# BRIEF:
Could you give back every entry below exactly, with the pictures dropped?

# DATASET RECORDS:
· · ·

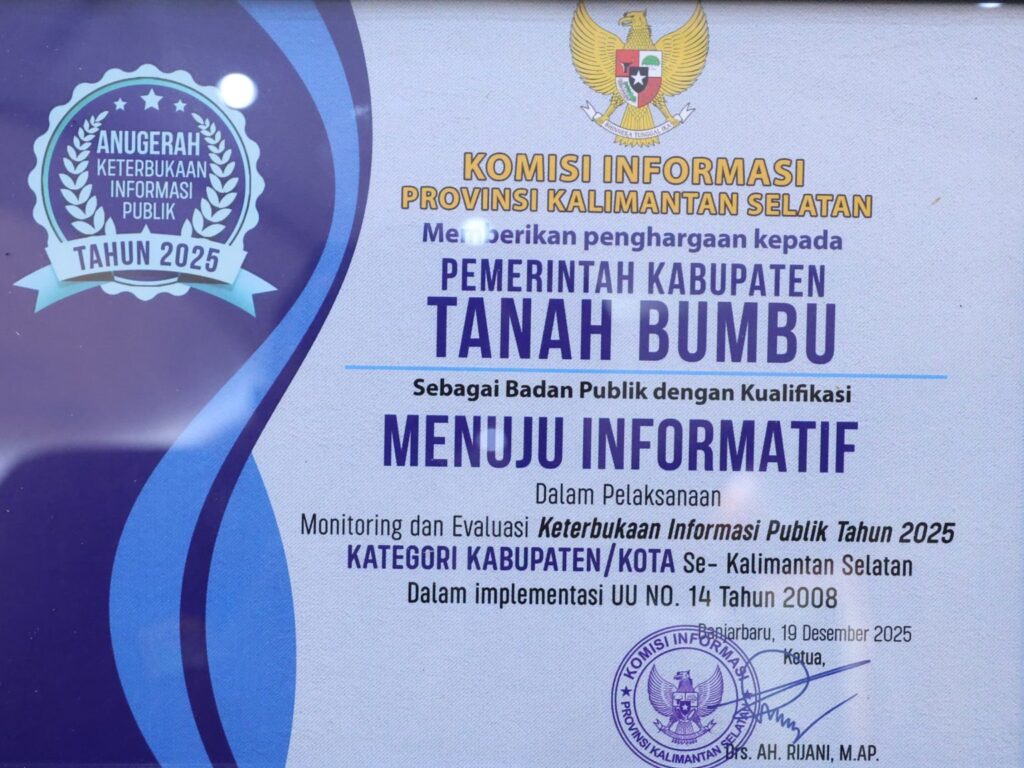 BATULICIN – Komitmen Pemerintah Kabupaten Tanah Bumbu dalam mewujudkan tata kelola pemerintahan yang transparan dan akuntabel kembali mendapat pengakuan. Pada Anugerah Keterbukaan Informasi Publik Tahun 2025, Pemkab Tanah Bumbu berhasil meraih predikat Menuju Informatif dalam ajang Monitoring dan Evaluasi (Monev) Keterbukaan Informasi Publik yang diselenggarakan Komisi Informasi Provinsi Kalimantan Selatan.
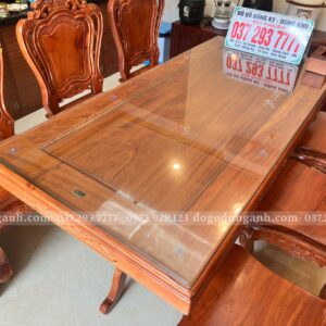 Mặt bàn chữ nhật được thiết kế liền khối, kết hợp hệ long khung chắc chắn, các đường nét vuông vắn, sắc sảo, vừa mang tính thẩm mỹ cao vừa đảm bảo sự ổn định, bền bỉ trong quá trình sử dụng. Khi kết hợp cùng 6 ghế Hoàng Gia đồng bộ, tổng thể bộ sản phẩm trở nên cân đối, hài hòa, phù hợp với nhiều không gian từ nhà phố đến biệt thự.
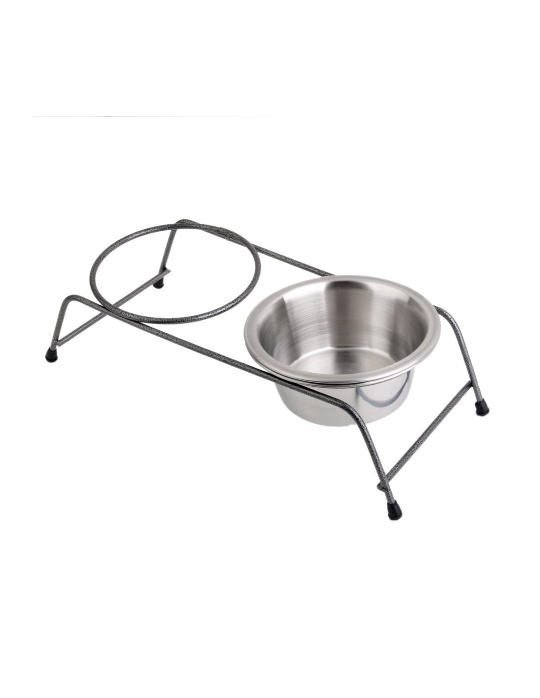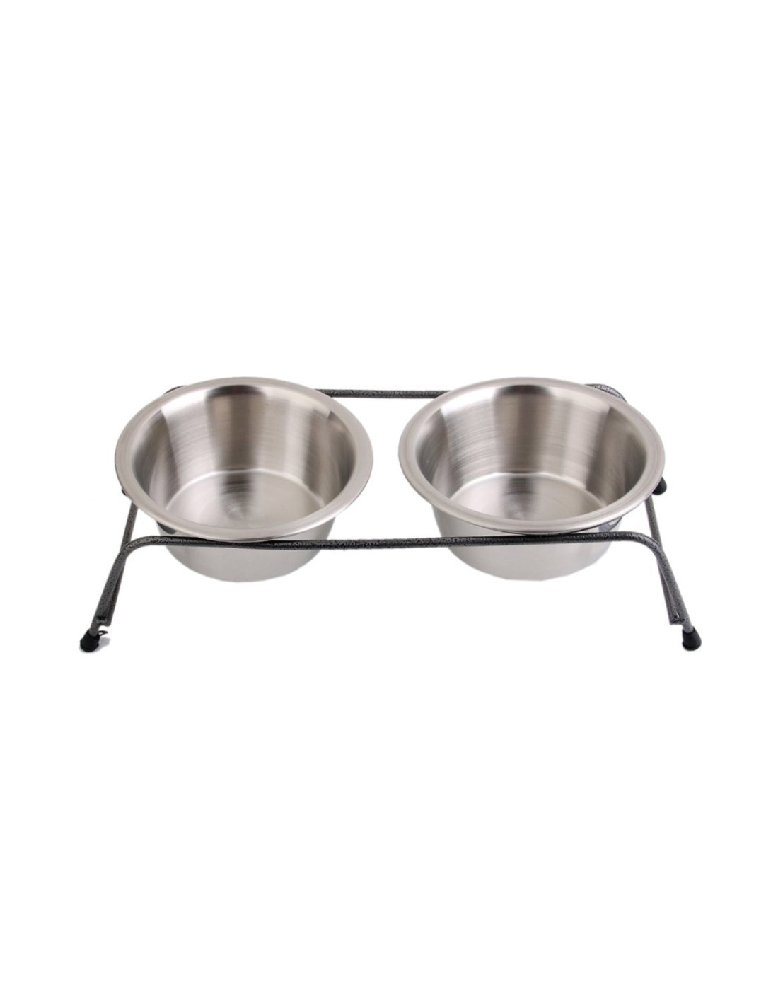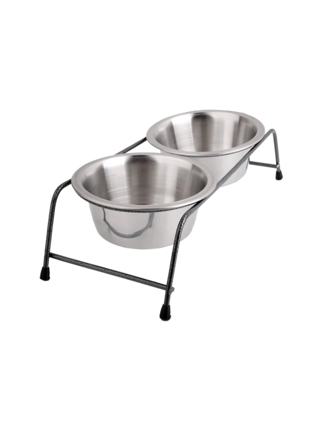 Solitamente tutti i cani hanno almeno due ciotole a disposizione, una per l'acqua ed una per la pappa. Ma se non volete che queste vengano sparse in giro per casa, potete acquistare una comodissima doppia ciotola con supporto in acciaio, poste su una struttura metallica rialzata dotata di piedini in gomma antiscivolo.
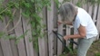 Video of Senior Hispanic Woman Gardening in Back Yard in Orlando Florida - 4K stock video
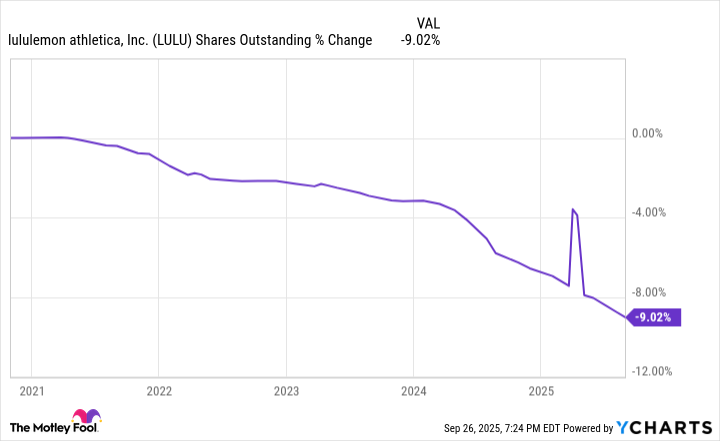 And here we arrive at the crux of the matter-the dividend hunter’s keen eye. Even in the darkest of hours, Lululemon is not without its merits. The company, while contending with slow growth, is still producing returns for its shareholders. Through share buybacks, the number of outstanding shares has dwindled at an accelerated pace, ensuring that earnings per share (EPS) will climb. And as anyone with an eye for dividends knows, a shrinking float means a more potent earnings per share ratio-a delicious treat for the patient investor.
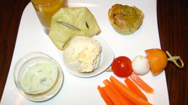 Une façon légère de prendre l'apéritif, en profitant des herbes du jardin : glace, tuiles, cakes aux herbes, crème de carotte glacée...
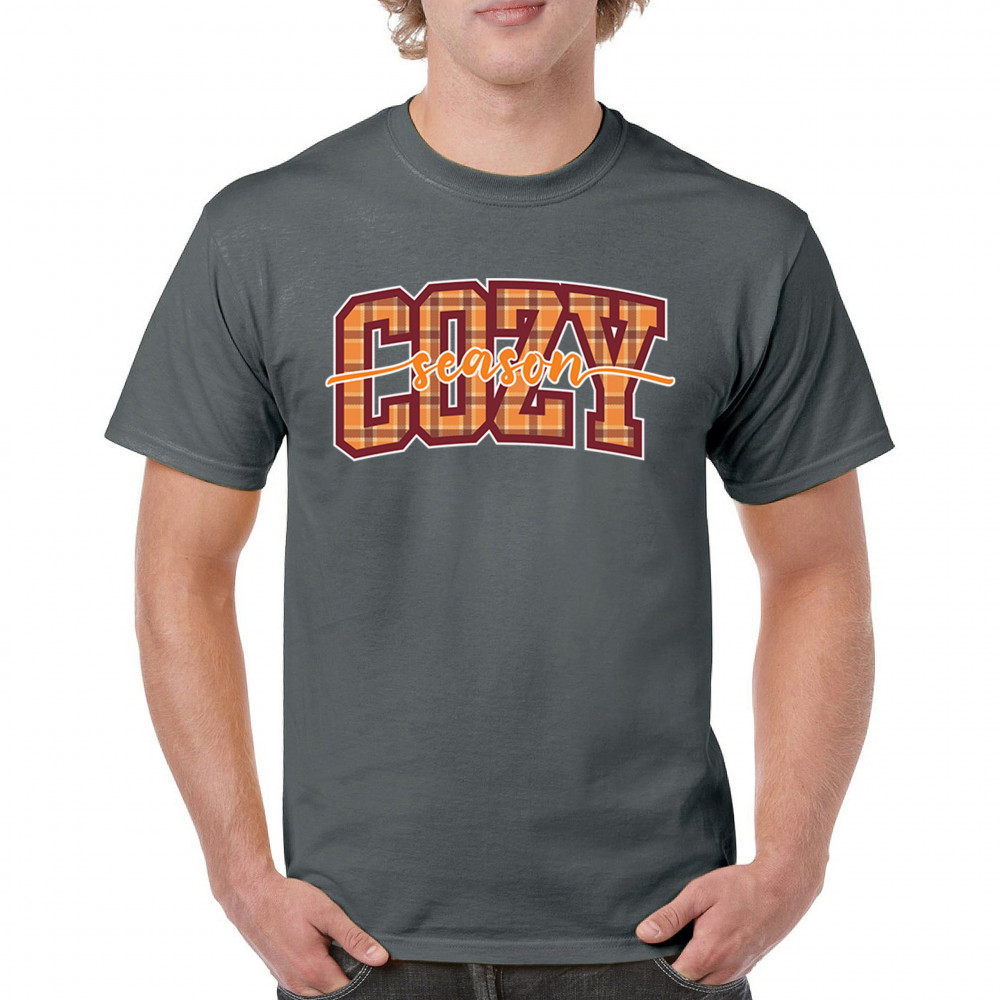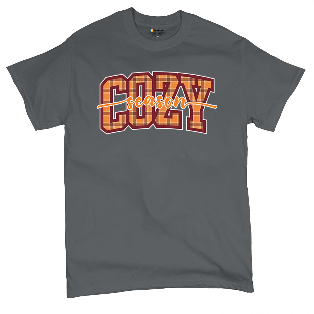 Celebrate fall with this "Cozy Season" plaid design. Perfect for autumn lovers who cherish cozy days, warm drinks, and the beauty of the season.
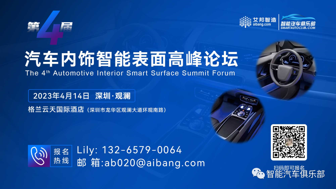 阅读原文即可加群活动推荐一:第四届电动汽车内饰智能化表面高峰论坛(4月14日 深圳)
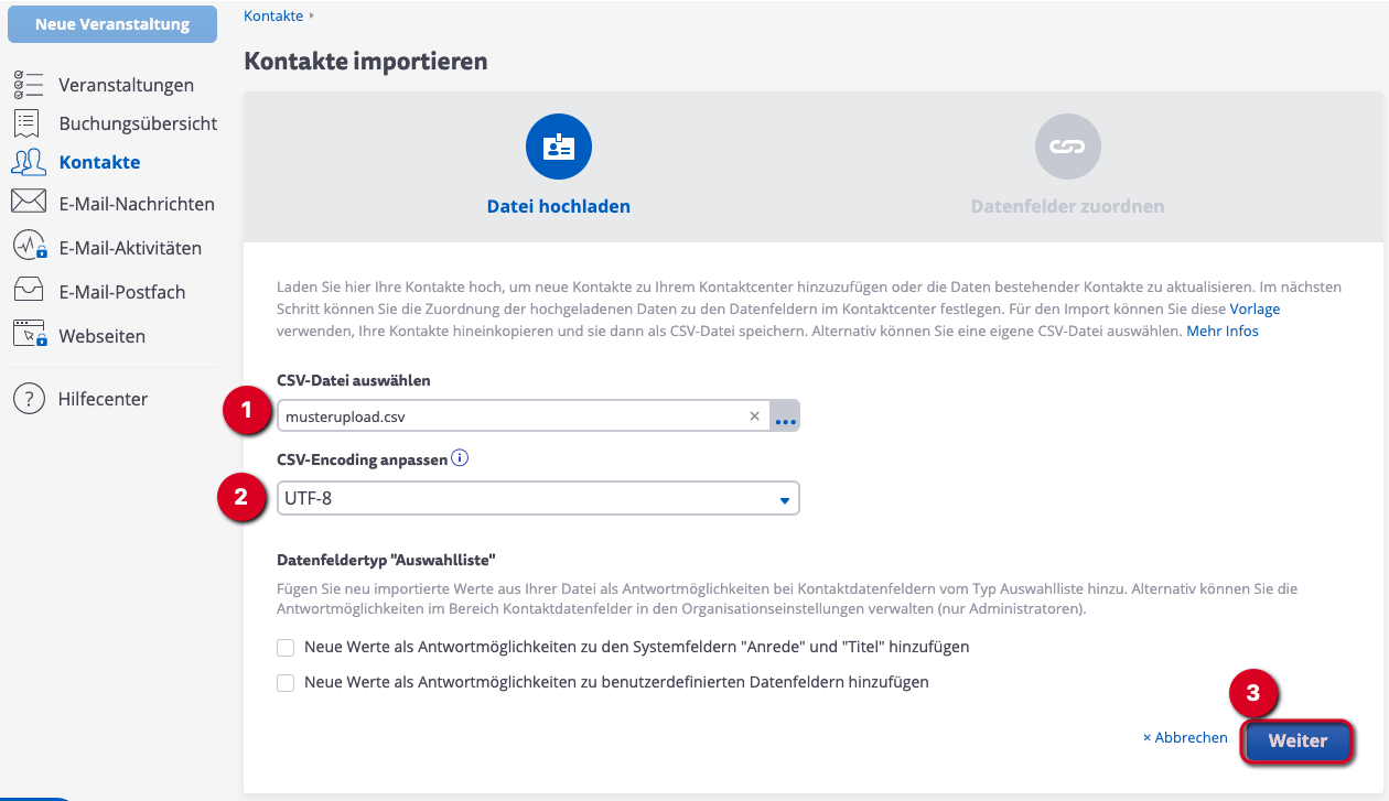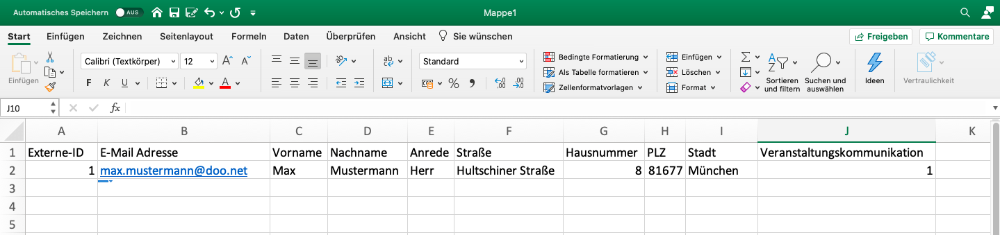 Wichtig! Vor dem Upload muss in der Spalte "Veranstaltungskommunikation" die Zahl "1" zu jedem Datensatz hinzugefügt werden.
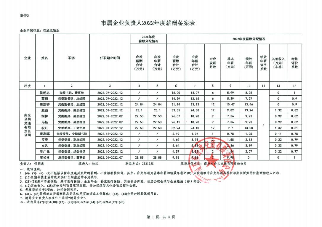 市屬企業(yè)負責人2022年度薪酬備案表

· · ·

# SOLVED PROBLEM:
 BATULICIN – Komitmen Pemerintah Kabupaten Tanah Bumbu dalam mewujudkan tata kelola pemerintahan yang transparan dan akuntabel kembali mendapat pengakuan. Pada Anugerah Keterbukaan Informasi Publik Tahun 2025, Pemkab Tanah Bumbu berhasil meraih predikat Menuju Informatif dalam ajang Monitoring dan Evaluasi (Monev) Keterbukaan Informasi Publik yang diselenggarakan Komisi Informasi Provinsi Kalimantan Selatan.
 Mặt bàn chữ nhật được thiết kế liền khối, kết hợp hệ long khung chắc chắn, các đường nét vuông vắn, sắc sảo, vừa mang tính thẩm mỹ cao vừa đảm bảo sự ổn định, bền bỉ trong quá trình sử dụng. Khi kết hợp cùng 6 ghế Hoàng Gia đồng bộ, tổng thể bộ sản phẩm trở nên cân đối, hài hòa, phù hợp với nhiều không gian từ nhà phố đến biệt thự.
 Solitamente tutti i cani hanno almeno due ciotole a disposizione, una per l'acqua ed una per la pappa. Ma se non volete che queste vengano sparse in giro per casa, potete acquistare una comodissima doppia ciotola con supporto in acciaio, poste su una struttura metallica rialzata dotata di piedini in gomma antiscivolo.
 Video of Senior Hispanic Woman Gardening in Back Yard in Orlando Florida - 4K stock video
 And here we arrive at the crux of the matter-the dividend hunter’s keen eye. Even in the darkest of hours, Lululemon is not without its merits. The company, while contending with slow growth, is still producing returns for its shareholders. Through share buybacks, the number of outstanding shares has dwindled at an accelerated pace, ensuring that earnings per share (EPS) will climb. And as anyone with an eye for dividends knows, a shrinking float means a more potent earnings per share ratio-a delicious treat for the patient investor.
 Une façon légère de prendre l'apéritif, en profitant des herbes du jardin : glace, tuiles, cakes aux herbes, crème de carotte glacée...
 Celebrate fall with this "Cozy Season" plaid design. Perfect for autumn lovers who cherish cozy days, warm drinks, and the beauty of the season.
 阅读原文即可加群活动推荐一:第四届电动汽车内饰智能化表面高峰论坛(4月14日 深圳)
 Wichtig! Vor dem Upload muss in der Spalte "Veranstaltungskommunikation" die Zahl "1" zu jedem Datensatz hinzugefügt werden.
 市屬企業(yè)負責人2022年度薪酬備案表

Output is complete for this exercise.